Search code examples
httpsslhttpsnode-fetch

'TypeError: Protocol "http:" not supported. Expected "https:"' error when fetching HTTPS site


I'm trying to use node-fetch to capture the contents of a page, and running into an unexpected error. I checked a similar question but it doesn't seem relevant. I am trying to fetch a HTTPS site using an HTTPS agent and agents, but I'm getting an unexpected error about HTTP. I wonder whether this may be due to redirects, but I can't see anything that would cause it. This only fails for this particular URL (works fine, for example, with https://www.robinhood.com) , and I'm trying to figure out why. Here is a minimal example.

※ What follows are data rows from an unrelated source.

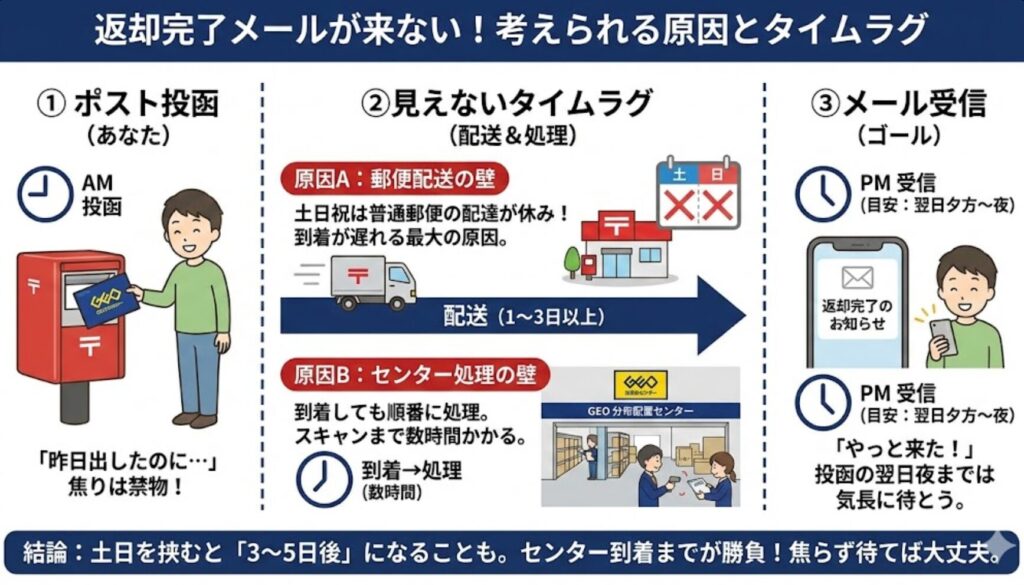 昨日出したのに、まだ『返却完了メール』が来ない…
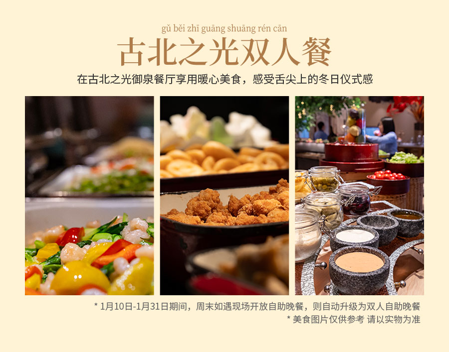 3、古北之光双人餐:1月10日-1月31日期间,周末如遇现场开放自助晚餐,则自动升级为双人自助晚餐,用餐时间为 17:00-20:30。
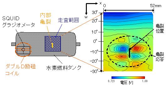 mm/sの速度で三次元的に移動させても不安定動作しないという。本装置を用いて、次世代自動車である燃料自動車に搭載される水素燃料タンクの内部欠陥検出試験を行い、その有効性を実証した。水素燃料タンクは、高密度水素燃料の貯蔵のため、肉厚のドームシリンダー形状のアルミライナー(内張り)を先進材料CFRP(カーボン繊維強化複合材料)で外側から補強した積層構造になっている。この肉厚・積層構造のため、アルミ内部に亀裂欠陥が発生した場合、渦電流や超音波、X線を用いた従来の非破壊検査技術の適用は困難であった。そこで、田中グループでは、SQUIDの低周波数帯域における高感度特性と、金属内部まで侵入できる低周波数励磁を組み合わせて、上記非破壊検査装置を用いたタンク内亀裂欠陥検出を試みた。この試験では、SQUID直下に設置したダブルD型励磁コイルから振幅約20
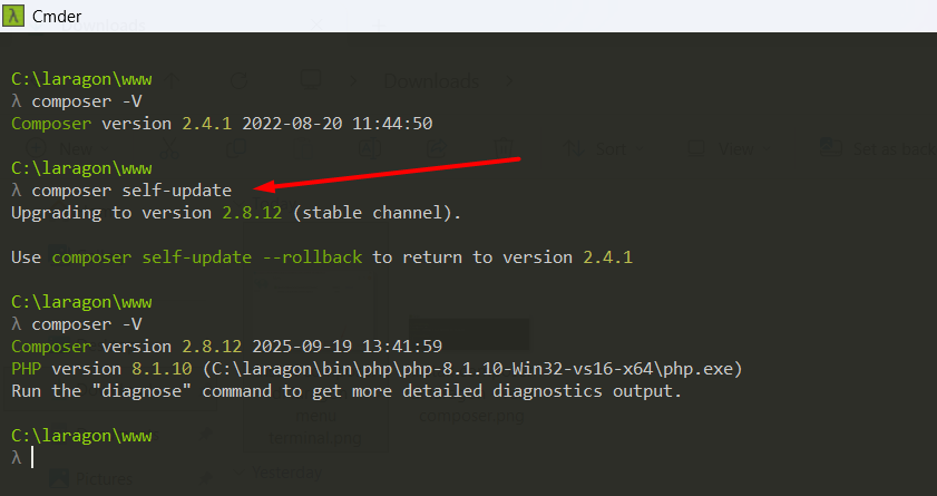 Untuk melakukan update Composer di Laragon, jalankan perintah berikut ini pada terminal Laragon:
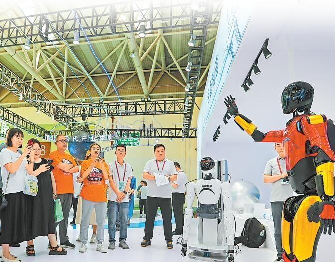 蘭州館內(nèi),參觀者與機(jī)器人展開互動。本組圖片攝影:新甘肅·甘肅日報記者 田蹊
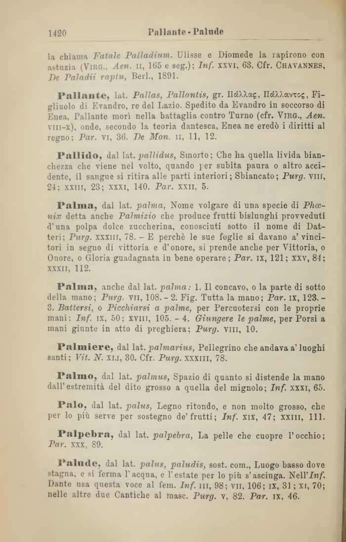 Palnde, dal lat. palus, paludis, sost. com., Luogo basso dove stagna, e si ferma l'acqua, e l'estate per lo più s'asciuga. Nell'Iwf. Dante usa questa voce al fem. Inf. in, 98; Vii, 106; ix, 31 ; xi, 70; nelle altre due Cantiche al masc. Purg. v, 82. Par. ix, 46.
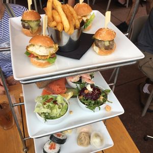そろそろ昼食時刻ということで、オペラキッチンにて、テイスティングプレートを注文。三段重ねのプレートに準備された料理は、他の人とカモメの注目するところでした。
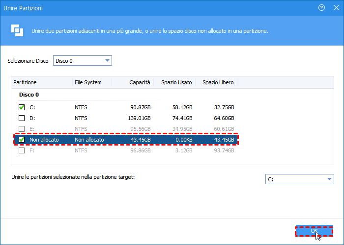 Passo 6. Nella schermata successiva, selezionare il disco C: e lo spazio non allocato, poi fare clic su "OK".

I'd note that this uses some certificates I have saved locally, but I'm not sure how necessary that is to reproduce.

//start SO example
var siteURL = "https://robinhood.com/l/privacy";
import path from 'path';
import sslrootcas from 'ssl-root-cas';
const rootCas = sslrootcas.create();
import {fileURLToPath} from 'url';
const __filename = fileURLToPath(import.meta.url);
const __dirname = path.dirname(__filename);
rootCas.addFile(path.resolve(__dirname,'intermediate.pem'));
import http from 'node:http';
import https from 'node:https';
import UserAgent       from 'user-agents';  
const myhttpsAgent = new https.Agent({ca: rootCas});
// const requestcheck =  fetch("https://www.google.com", {
const requestcheck =  fetch(siteURL, {
   method: "GET"
  ,headers: {"User-Agent":  new UserAgent() }
  ,agent: myhttpsAgent
  })

Here is the error I'm getting:

node:internal/errors:477
    ErrorCaptureStackTrace(err);
    ^

TypeError: Protocol "http:" not supported. Expected "https:"
    at new NodeError (node:internal/errors:387:5)
    at new ClientRequest (node:_http_client:177:11)
    at request (node:http:96:10)
    at file:///home/app/node_modules/node-fetch/src/index.js:94:20
    at new Promise (<anonymous>)
    at fetch (file:///home/app/node_modules/node-fetch/src/index.js:49:9)
    at ClientRequest.<anonymous> (file:///home/app/node_modules/node-fetch/src/index.js:236:15)
    at ClientRequest.emit (node:events:525:35)
    at HTTPParser.parserOnIncomingClient [as onIncoming] (node:_http_client:674:27)
    at HTTPParser.parserOnHeadersComplete (node:_http_common:128:17)
    at TLSSocket.socketOnData (node:_http_client:521:22)
    at TLSSocket.emit (node:events:525:35)
    at addChunk (node:internal/streams/readable:315:12)
    at readableAddChunk (node:internal/streams/readable:289:9)
    at TLSSocket.Readable.push (node:internal/streams/readable:228:10)
    at TLSWrap.onStreamRead (node:internal/stream_base_commons:190:23) {
  code: 'ERR_INVALID_PROTOCOL'
}

Solution

  • I wonder whether this may be due to redirects, but I can't see anything that would cause it.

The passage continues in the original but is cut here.